A primate researcher, the author has spent many years studying baboon behaviour. Those who fear comparison with other primates may be uncomfortable with Sapolsky's conclusions. The material he draws upon for support, however, shows how universal many of our own behaviours are among our close relatives. In this book, he takes up three themes - why searching for "a gene for" any specific behaviour or illness is doomed to failure; what the body contributes to our personality; and what society contributes in determining our "selves". Each section is preceded by an introductory essay, explaining the significance of the topics discussed.

In the first section he severely condemns those who want to lock behaviour to genetics. That's an admirable end, but the selections weighed in his judgement are nearly all media accounts. Simplifying human behaviour issues sells magazines and newspapers, and his references to "those scientists" who appear to have advocated "nature over nurture" vapourise when you look for them in the text. Still, the elmination of "gene centrism" is an admirable ambition. That is what the public too often sees and the illusion needs expulsion from the collective public consciousness. He reminds us that many "genetic" drives are environmentally triggered. Whatever the rules are genes function under, they aren't rigid ones. Environment contributes, often in a major way.

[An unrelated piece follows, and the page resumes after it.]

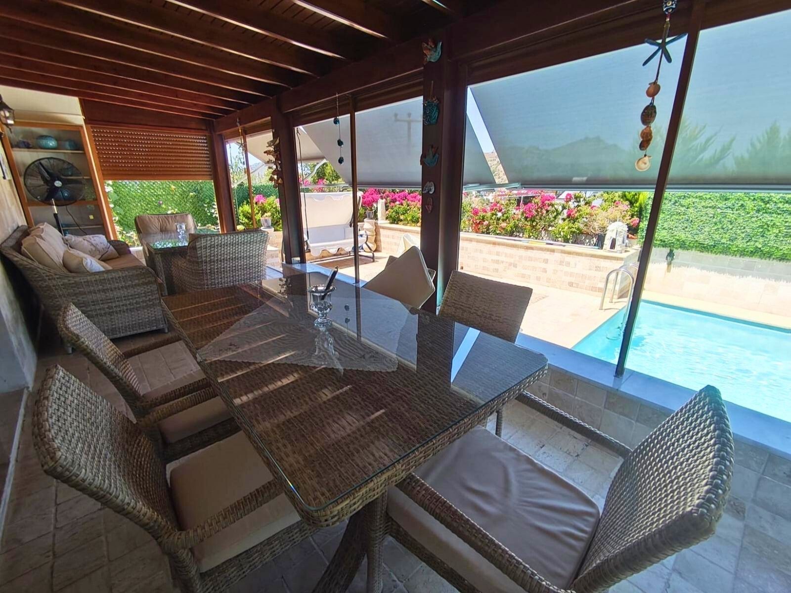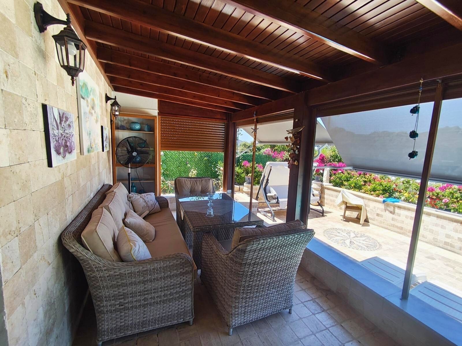 Every aspect of the villa is designed for comfort and convenience. A central heating system ensures year-round livability, making it ideal not just as a summer home but as a permanent residence. Practical touches such as a storage room, indoor garage, and water tank enhance functionality, ensuring everything you need is always within reach.Built with quality materials and maintained with care, the property reflects durability and modern standards while remaining true to Bodrum’s timeless aesthetic—clean lines, open spaces, and the natural elegance of the Aegean environment.

In the second section, Sapolsky ranges over body-behaviour issues. From the "Twinky Defence" to definitions of dreaming, he explores how the body and brain relate to influence the mind. Emotions result from the cascades of hormones flowing through our bodies. The brain triggers many of these, but the body sends messages to the brain using that chemical medium. While all this may leave the impression that we are almost helpless observers of what these molecular signals drive us to do, the author reminds us that the "big" part of the brain, the frontal cortex, grants us a level of control denied most other animals.

Finally, we are treated to an overview of our relation to the departed. Why is there such an intense drive in humans to deal with the dead? That is most ardently expressed when the body is missing. There are bizarre cases noted here, not the least of which is story of the rituals imposed when the US Navy retrieved the bodies of drowned Japanese fishermen. Yet more intriguing are the cases of mothers finding ways to have their children hospitalised. Each time the mother visited a recovering child, there was a relapse.

That Sapolsky's style is brisk, even fervent at times, shouldn't obscure the fact that there's much in here most of us need to know. When you and your spouse argue, who concedes first? Why is this so? Daily life situations are biologically examined, without the rhetoric that might turn this into a campaign document. There is a message: that we need to learn more about what provides our emotional makeup, from domestic disputes to "over-mothering". Read this and find out what. [stephen a. haines - Ottawa, Canada]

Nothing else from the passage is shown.